The character, strutting around with most of the Windy City’s top cops, judges and politicians in his pocket, goes into fits over imaginary and not-so-imaginary acts by his charming wife Davidtz.
The four-hour exercise never intros Williams’ first wife, whom he divorces to marry and torment Davidtz. She’s never quizzed, never visited, never even seen in the course of the investigation of the crime; rough, tough Dennehy should have had some questions to ask.

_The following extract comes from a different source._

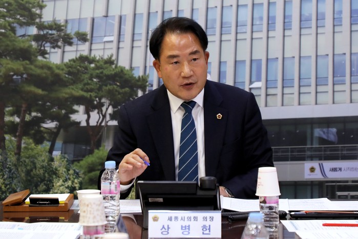 ▲세종시의회 상병헌 의장이 지난 8일 ‘지방의회의 독립성 강화를 위한 제도개선 연구용역’ 최종보고회를 개최했다.(사진=세종시의회) |

Program starts off sordidly enough by Davidtz’s decomposed corpse turning up in her car trunk at the bottom of a canal. The flashback rings in a bigtime mobster (George Morfogen), Williams’ client and sponsor in the crime world; it also brings in naive Davidtz, who falls for suave Williams.
Four of Davidtz’s experienced girlfriends–among them Lisa Eilbacher, the chief’s doll– warn Davidtz about his style, but Davidtz believes in Williams.
Near the end of Part I Davidtz finds Williams in the family bed with a blonde , which enrages her so much she indulges in adultery with Terry Kinney. The brutal Williams smashes her skull, with police chief John Jackson supplying the coup de grace; it’s up to Dennehy in Part II to unravel the case in spite of bribe offers, crooked cops, a bought judge and no witnesses.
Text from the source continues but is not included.